Sonja and I ran through a long demo of the VW. It actually ran longer than I'd originally planned, because she and I were having so much fun with it. We connected so well that weekend that we exchanged contact information and kept in touch by email for the 12 months until the next February party rolled around. In the course of that we became very close, and arranged for Sonja to be my "date" that following February.

As it happened that next year, Michele went out a few days ahead of me to spend a little extra time with Lynn before joining us at the party. I arranged with Sonja to pick me up at the airport in New York. But before I arrived, fate intervened in an interesting way. The day of my arrival, Michele and Lynn found themselves in one of the hotel's restrooms, and there they met Sonja. Michele knew about Sonja, but had never met her in person. So it was only after they had chatted for a while and gotten to like one another that Michele and Sonja each realized who the other was.

And so it happened that, when Sonja returned from the airport with me, Michele and Lynn met us in the hotel lobby. Michele pointed at Sonja and told me, quite firmly, "We're keeping this one." She didn't need to twist my arm though. A few months later Lynn and Sonja both moved to California, and the four of us set up as a household. That was 5 years ago, and we're still going strong.

So that's one way to add someone to the harem. :cool2:
 
Johnny Ticklish said:
I can answer that, Scarlett. It's because earlier this year Drew pissed off the BDSM crowd when he denounced men who take pleasure in hurting women as cowardly and predatory. Mimi, Redmage, Bella, and a few others were indignantly outraged. How dare he question our lifestyle?, etc. They called him a troll, arrogant, self-righteous, moralistic, ad nauseum, dispite the fact that drew and others showed a disturbing parallel between BDSM pain play and domestic abuse. They've never forgiven him for that and likely never will.
Heh. I encourage Scarlett to check out the thread in question and come to her own conclusions. Drew's opening rant should establish who fired the first shot, and at whom.

This thread has a similar origin - Drew starting a "discussion" by way of sniping at someone with whom he had a disagreement on another thread. This time it was aimed at Lindyhopper, with whom Drew had a disagreement about polyamory on an earlier thread.
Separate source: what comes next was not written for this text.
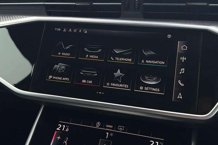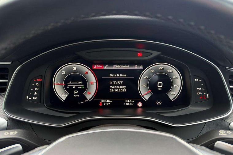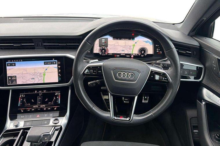 Matt brushed aluminium dark inlays, LED Interior Ambient Lighting Pack - A6, Non smoking pack - A6, 20" 5 V spoke star design Audi sport cast aluminium alloy wheels in matt titanium look, Anti theft alarm with tow away protection, Anti-theft wheel bolts and wheel loosening detection, Immobiliser, Keyless Go, Remote central locking, Audi music interface, Audi sound system, Auxiliary input socket, DAB Digital radio, USB connection, 3 point seatbelts on all seats, Airbags - Front side, front and rear including head, Audi pre-sense front, Black seatbelts, EBD - Electronic brakeforce distribution, Electromechanical parking brake, Electronic Stability Control (ESC) including ABS, ASR and EDL, Extended pedestrian protection measures, Seatbelt monitoring, Tyre pressure warning light, Warning triangle and first aid kit, Electric front/rear windows, Frameless auto dimming interior rear view mirror, Gloss black exterior mirror housings, Gloss black highlights on the exterior area of the Audi Single frame, Gloss black highlights on the front and rear bumpers, Gloss black highlights on the radiator grille, Gloss black highlights on the side windows trim strips, Headlight washers, Heat insulating glass in side and rear windows, Heat insulating glass in windshield, LED rear lights, LED signature front daytime running light, Matrix LED headlights with dynamic rear indicators, Matt black rear diffuser with diffuser strip and tailpipes in chrome, Matt black side air intake grille with inlay in matt aluminium, Privacy glass, Rain and light sensors, Signature rear LED light design, 2 zone deluxe electronic climate control, 4 way electric lumbar support for driver and front passenger, 40/20/40 split folding 3 rear seat bench in 3 parts with rear centre armrest, Black cloth headlining, Electrically adjustable front seats with driver memory, Front centre armrest, Front head restraints, Front/rear floor mats, Heated front seats, Height/reach adjust steering wheel, Illuminated door sill trims with S logo, Illuminated sun visors with vanity mirrors, ISOFIX child seat mounting and Top Tether with front passenger airbag deactivation, Leather gear knob, Rear headrests, Stainless steel pedals and foot rest, Tool kit and car jack, 7" high resolution colour driver information display system, Audi connect safety and service (e-call), Audi drive select, Audi parking system plus - acoustic and visual park assist system for front and rear, Audi smartphone interface, Automatic start/stop system with coasting functionality, Bluetooth interface, Electric boot lid release, Lane departure warning system, MMI navigation with MMI touch + twin touch screens 8.8" and 8.6" with haptic and acoustic feedback, Progressive steering, Rear view camera, Service interval indicator, Voice control system, 24 litre AdBlue tank, 48V Mild hybrid technology, Diesel particulate filter, Quattro all wheel drive with self locking centre differential, Sports suspension,

So Scarlett, if you're really curious as to why Drew's potshots at other people's lifestyles draw an unfriendly reaction, you can search up the background threads and see the history.

As for this issue of polyamory, I'm not surprised to find the exact same crowd defending it.
Why, thank you. It's nice to be known for defending the right of people to love as they choose.

Is it adultery? Without a doubt it is.
Since anyone reading this thread can see the doubts, you might want to rephrase that as "I don't doubt it is," just for the sake of accuracy.

But if the marriage in question goes south down the road somewhere, you can be sure that the lawyers will deal with it as adultery.
Again, you're stating as certain something that experience shows us is not so at all. I've seen polyamorous marriages break up, and since they are consensual on the part of all concerned I have very rarely seen a divorce lawyer try to portray them as adulterous. It's even more rare for such an attempt to succeed. This is especially so when the partners involved all live with one another and mingle their incomes. It's very difficult for a spouse to claim to have been "wronged" when he or she knew about the other relationship and even actively supported it.

Just as a legal footnote, there's a trend in some quarters of the poly community for multiple cohabiting partners to incorporate. This allows them to hold assets and real property jointly, and simplifies legal issues such as inheritance and insurance benefits.